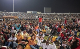 Chụp ảnh selfies từ khán đài hay ngồi trên sân cỏ, hàng nghìn lao động nhập cư hào hứng xem trận khai mạc World Cup từ một sân vận động ở Doha.
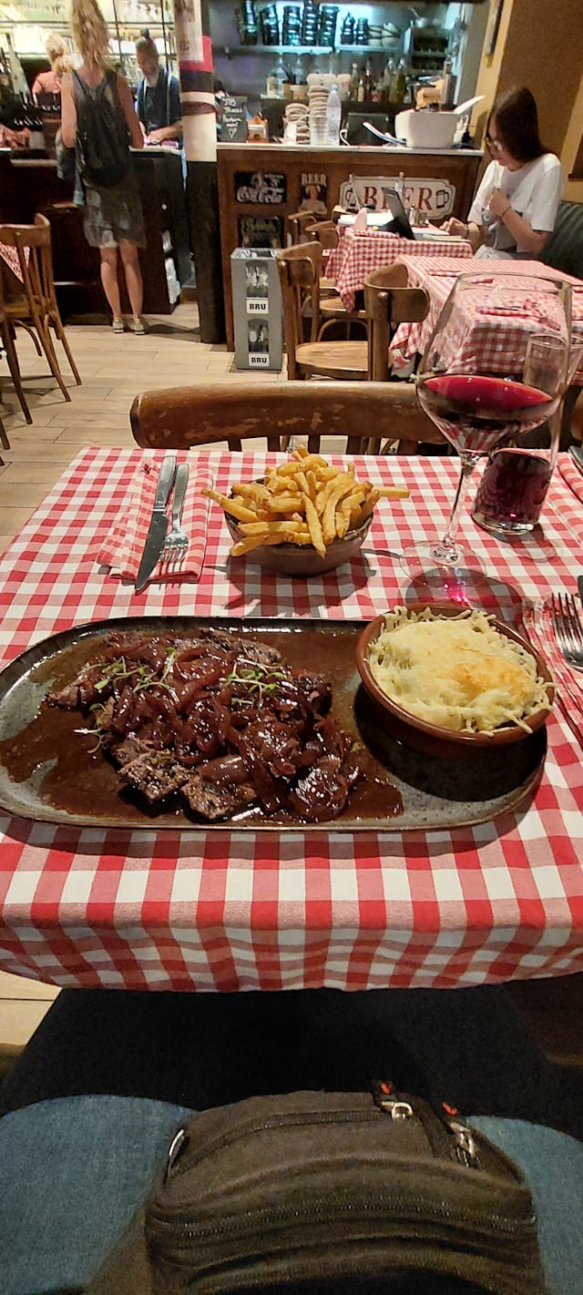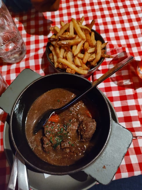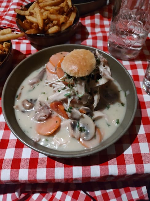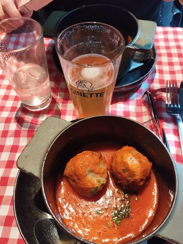 8.5/10Very pleased to have chosen this Belgian bistro. Really enjoyed the boulettes in mushroom sauce and the wine was reasonably priced. The service was friendly, slow to start but then everything arrived quickly. Just shows that cooking is fresh.
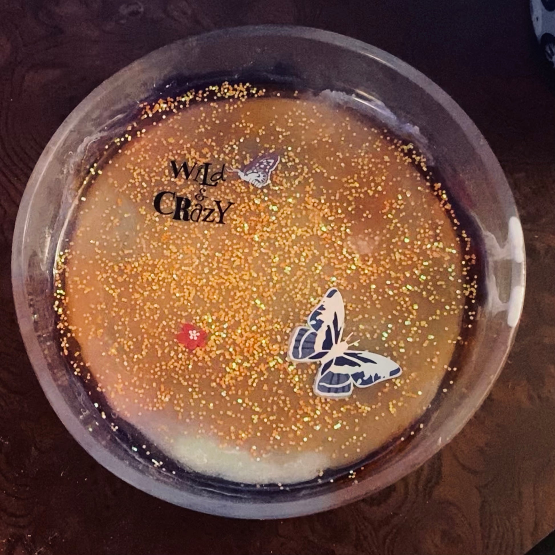WILD & CRAZY LARGE DISH orange glittery, w/butterflies.
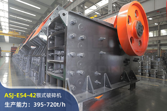 ASJ-E54-42顎式破碎機進料口尺寸1370×1070mm,進料粒度≤1020mm,出料大小≤125mm,電機功率185kw,時產(chǎn)量在720噸左右。
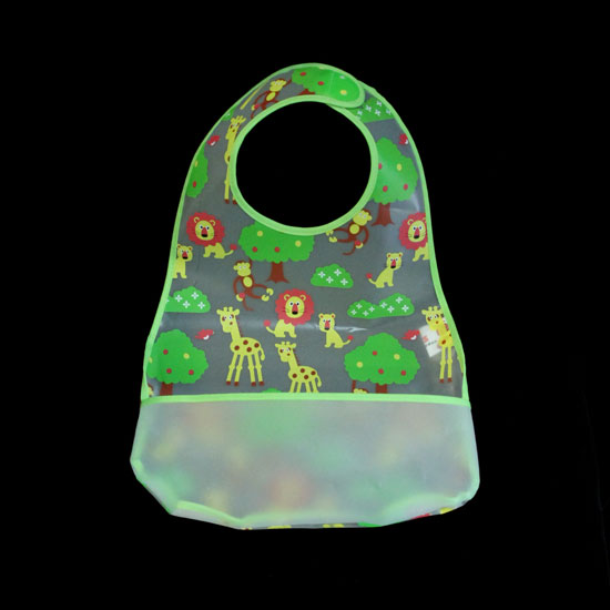 Featured is a baby bib made with non-toxic EVA. It is printed with zoo-themed graphics to delight young babies. The magic-tape closure ensures easy wearing and removing of the bib.

= = = = =

● **PROBLEM DETAILS**: Please retype, exactly as they appear, the lines from the one with "ASJ-E54-42顎式破碎" through the final line of the material, both included, and drop any pictures.

● **FINAL ANSWER**:
 ASJ-E54-42顎式破碎機進料口尺寸1370×1070mm,進料粒度≤1020mm,出料大小≤125mm,電機功率185kw,時產(chǎn)量在720噸左右。
 Featured is a baby bib made with non-toxic EVA. It is printed with zoo-themed graphics to delight young babies. The magic-tape closure ensures easy wearing and removing of the bib.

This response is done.